INFORMATION SHOWN:
------------
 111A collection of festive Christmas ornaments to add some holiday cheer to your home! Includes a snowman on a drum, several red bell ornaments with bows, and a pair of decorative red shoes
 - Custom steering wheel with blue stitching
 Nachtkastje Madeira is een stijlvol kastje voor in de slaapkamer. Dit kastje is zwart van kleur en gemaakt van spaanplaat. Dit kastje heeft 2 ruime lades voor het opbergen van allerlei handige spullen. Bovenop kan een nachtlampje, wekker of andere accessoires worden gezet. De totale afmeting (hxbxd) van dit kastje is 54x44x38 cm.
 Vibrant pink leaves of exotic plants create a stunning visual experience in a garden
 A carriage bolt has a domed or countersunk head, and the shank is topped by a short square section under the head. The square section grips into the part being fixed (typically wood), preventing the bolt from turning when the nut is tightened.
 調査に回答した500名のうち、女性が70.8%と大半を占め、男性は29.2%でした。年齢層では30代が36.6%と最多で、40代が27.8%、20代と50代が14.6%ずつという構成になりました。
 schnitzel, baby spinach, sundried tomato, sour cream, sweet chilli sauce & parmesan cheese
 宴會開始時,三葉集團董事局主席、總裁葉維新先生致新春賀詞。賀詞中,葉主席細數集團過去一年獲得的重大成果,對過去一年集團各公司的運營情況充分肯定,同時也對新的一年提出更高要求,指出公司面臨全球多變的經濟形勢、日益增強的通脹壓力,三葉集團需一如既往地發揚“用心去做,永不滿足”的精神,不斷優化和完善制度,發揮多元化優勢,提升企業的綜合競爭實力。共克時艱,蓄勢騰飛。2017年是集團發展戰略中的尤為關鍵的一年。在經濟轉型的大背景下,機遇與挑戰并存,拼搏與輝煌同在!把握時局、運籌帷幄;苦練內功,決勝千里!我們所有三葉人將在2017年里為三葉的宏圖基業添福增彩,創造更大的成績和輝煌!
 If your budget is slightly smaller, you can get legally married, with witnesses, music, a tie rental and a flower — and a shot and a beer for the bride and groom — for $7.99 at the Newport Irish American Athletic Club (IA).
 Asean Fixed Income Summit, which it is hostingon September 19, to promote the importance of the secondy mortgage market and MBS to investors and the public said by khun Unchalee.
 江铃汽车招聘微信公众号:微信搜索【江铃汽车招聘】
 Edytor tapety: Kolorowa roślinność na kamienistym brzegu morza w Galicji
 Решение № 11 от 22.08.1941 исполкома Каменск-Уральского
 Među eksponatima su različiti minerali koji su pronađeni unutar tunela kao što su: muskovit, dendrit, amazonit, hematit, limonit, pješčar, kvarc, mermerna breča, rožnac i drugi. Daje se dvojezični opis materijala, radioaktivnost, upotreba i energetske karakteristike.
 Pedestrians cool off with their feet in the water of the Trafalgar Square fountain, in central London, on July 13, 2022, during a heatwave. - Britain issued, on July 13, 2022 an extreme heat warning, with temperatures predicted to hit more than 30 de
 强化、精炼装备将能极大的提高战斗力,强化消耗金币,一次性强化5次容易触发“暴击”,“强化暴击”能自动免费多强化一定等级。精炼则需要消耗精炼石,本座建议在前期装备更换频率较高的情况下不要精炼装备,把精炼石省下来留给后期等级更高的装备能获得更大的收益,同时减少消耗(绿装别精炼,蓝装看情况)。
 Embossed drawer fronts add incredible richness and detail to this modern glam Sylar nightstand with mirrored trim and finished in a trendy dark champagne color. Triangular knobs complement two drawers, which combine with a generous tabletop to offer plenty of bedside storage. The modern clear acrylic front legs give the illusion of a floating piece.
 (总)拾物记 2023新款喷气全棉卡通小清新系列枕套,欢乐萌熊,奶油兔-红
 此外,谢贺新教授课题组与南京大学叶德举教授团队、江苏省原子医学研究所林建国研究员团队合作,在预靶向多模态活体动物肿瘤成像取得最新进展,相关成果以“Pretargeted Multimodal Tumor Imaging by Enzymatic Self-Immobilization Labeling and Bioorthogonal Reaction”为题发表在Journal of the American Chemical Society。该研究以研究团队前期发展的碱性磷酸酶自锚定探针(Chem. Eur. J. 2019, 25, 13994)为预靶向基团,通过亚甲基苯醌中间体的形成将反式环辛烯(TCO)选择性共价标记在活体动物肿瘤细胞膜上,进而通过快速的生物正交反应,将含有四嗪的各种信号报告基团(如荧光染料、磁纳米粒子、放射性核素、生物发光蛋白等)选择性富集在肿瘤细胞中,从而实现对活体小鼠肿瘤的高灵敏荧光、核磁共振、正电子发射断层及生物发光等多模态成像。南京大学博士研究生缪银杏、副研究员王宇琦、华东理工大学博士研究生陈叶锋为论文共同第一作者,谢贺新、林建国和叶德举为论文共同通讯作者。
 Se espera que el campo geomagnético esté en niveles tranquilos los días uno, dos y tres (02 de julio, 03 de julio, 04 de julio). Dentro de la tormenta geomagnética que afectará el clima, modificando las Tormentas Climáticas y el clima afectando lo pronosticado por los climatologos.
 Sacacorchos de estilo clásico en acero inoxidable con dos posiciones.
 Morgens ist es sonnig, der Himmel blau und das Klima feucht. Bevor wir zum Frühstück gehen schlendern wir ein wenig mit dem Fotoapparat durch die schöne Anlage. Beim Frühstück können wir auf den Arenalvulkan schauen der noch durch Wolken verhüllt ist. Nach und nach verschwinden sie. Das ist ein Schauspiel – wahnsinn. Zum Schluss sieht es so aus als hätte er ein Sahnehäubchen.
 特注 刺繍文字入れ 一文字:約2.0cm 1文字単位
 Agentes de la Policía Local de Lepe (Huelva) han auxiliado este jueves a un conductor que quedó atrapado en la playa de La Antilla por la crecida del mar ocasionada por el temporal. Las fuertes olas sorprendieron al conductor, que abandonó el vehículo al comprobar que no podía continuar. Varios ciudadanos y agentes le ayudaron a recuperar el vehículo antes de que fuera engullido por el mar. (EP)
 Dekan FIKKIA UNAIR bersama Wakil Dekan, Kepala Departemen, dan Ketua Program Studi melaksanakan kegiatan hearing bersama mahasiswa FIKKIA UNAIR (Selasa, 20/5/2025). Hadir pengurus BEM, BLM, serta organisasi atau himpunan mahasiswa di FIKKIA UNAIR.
------------
For this exercise, repeat exactly the lines of the data above from the one with "- Custom steering wheel with blue stitching" down to the one with "Nachtkastje Madeira is", both end lines included.

 - Custom steering wheel with blue stitching
 Nachtkastje Madeira is een stijlvol kastje voor in de slaapkamer. Dit kastje is zwart van kleur en gemaakt van spaanplaat. Dit kastje heeft 2 ruime lades voor het opbergen van allerlei handige spullen. Bovenop kan een nachtlampje, wekker of andere accessoires worden gezet. De totale afmeting (hxbxd) van dit kastje is 54x44x38 cm.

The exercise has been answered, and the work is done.